Tool: analyze_task_routing
Analyzes a task and returns the recommended agent with reasoning.
Usage:
// Before spawning
const routing = await analyze_task_routing({
task: "Polish the analytics dashboard UI",
context: "React + Tailwind, needs to match Command Center aesthetics"
});
// Then spawn with the recommendation
sessions_spawn({
agentId: routing.agent,
task: task_description,
// ... other params
});
Routing Criteria
Haiku (DEFAULT for Simple Tasks — Feb 2, 2026 Update)
Use for:
- •Simple file edits (formatting, renaming, basic refactoring)
- •Quick Q&A or fact lookups
- •Basic data transformations
- •Status checks, summaries under 1000 words
- •Repetitive tasks with clear instructions
- •Single-file research summaries
- •Web scraping with clear targets
- •File organization/moving
- •Basic API calls with known patterns
- •Generating lists or enumerations
- •Simple templating tasks
Try Haiku FIRST if the task:
- •Has clear, specific instructions
- •Doesn't require creative judgment
- •Can be validated objectively
- •Follows a known pattern
Escalate to Sonnet only if:
- •Task requires reasoning or judgment
- •Multi-step workflows with dependencies
- •Output quality needs to be nuanced
Sonnet (Default Workhorse)
Use for:
- •General coding tasks (features, bug fixes, testing)
- •Research and analysis
- •Content generation (blog posts, docs, reports)
- •Data processing and transformation
- •Most API integrations
- •File reorganization with logic
- •Standard debugging
This should handle 70-80% of tasks.
Codex (Reasoning for Code)
Use for:
- •Complex UI/UX implementation
- •Architecture decisions and refactoring
- •Debugging subtle/tricky bugs
- •Performance optimization
- •Code reviews requiring deep analysis
- •Building entire features from scratch
- •Complex algorithm implementation
Codex uses o1 reasoning - great for "thinking through" code problems.
Opus (Strategic Oversight)
Reserve for:
- •Multi-agent coordination
- •Complex strategic decisions spanning multiple domains
- •Sensitive business logic requiring judgment
- •Tasks requiring McKinzie's context/preferences
- •Novel problems without clear solutions
- •High-stakes decisions
Opus should be rare - most work should delegate down.
Implementation Notes
- •Routing uses Sonnet to analyze tasks (cheap, fast, smart enough)

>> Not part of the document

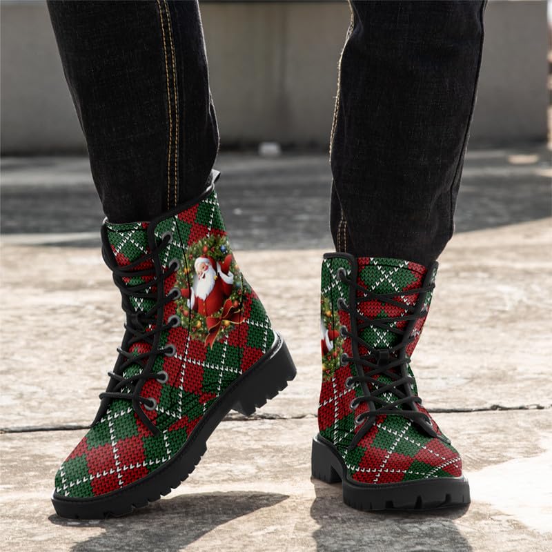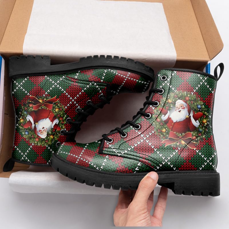 Sole material: Thermoplastic ElastomersOuter material: MicrofiberClosure type: Lace-UpWater resistance level: Water ResistantFestive Holiday Design:Celebrate the winter season with boots featuring vibrant Christmas elements like snowman, Santa Claus, and holiday patterns. Unisex winter boots are perfect for adding a festive touch to your wardrobe, suitable for men, women, and kids alikeHigh-Quality Materials for Maximum Comfort:Crafted with an ultra-fiber upper, velvety fabric lining, and an EVA cushioned insole, fashionable combat boots are designed for all-day comfort. The premium materials ensure a soft, warm, and cozy fit, making them ideal for the colder monthsDurable Non-Slip Rubber Sole:The sturdy rubber outsole provides excellent grip and stability on snowy, icy, or wet surfaces. Whether you're walking through town, heading to a holiday party, or enjoying outdoor activities, anti-slip Christmas snow boots have you coveredVersatile for Any Occasion:Perfect for holiday gatherings, outdoor winter activities, or casual daily wear, Holiday party warm boots seamlessly combine festive charm with everyday functionality. They also make an excellent Christmas gift for family and friends. Perfect for everyday use. top-grade materials and excellent craftsmanship ensure long-lasting durability.

- •Default to Sonnet if uncertain - safer than Haiku, cheaper than Opus
- •I can override the recommendation if context requires it
- •Track routing decisions in session notes for improvement
Examples
// Simple edit → Haiku
analyze_task_routing({ task: "Fix indentation in config.json" })

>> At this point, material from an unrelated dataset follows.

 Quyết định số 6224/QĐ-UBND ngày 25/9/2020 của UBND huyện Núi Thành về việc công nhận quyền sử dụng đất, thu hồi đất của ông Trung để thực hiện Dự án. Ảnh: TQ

// → { agent: "haiku", reasoning: "Simple formatting task" }
// Feature work → Sonnet
analyze_task_routing({ task: "Add email validation to signup form" })
// → { agent: "sonnet", reasoning: "Standard feature implementation" }
// Complex UI → Codex
analyze_task_routing({ task: "Build interactive data visualization with D3" })
// → { agent: "codex", reasoning: "Complex UI requiring architectural decisions" }
// Strategic → Opus
analyze_task_routing({ task: "Design routing strategy for multi-agent system" })
// → { agent: "opus", reasoning: "Meta-level strategic decision" }
Cost Impact
Typical session costs (rough estimates):
- •Haiku: $0.01 - $0.10
- •Sonnet: $0.10 - $1.00
- •Codex: $0.50 - $5.00 (reasoning tokens)
- •Opus: $2.00 - $20.00
Using this routing can save 60-80% on agent costs by preventing Opus from handling Sonnet-tier work.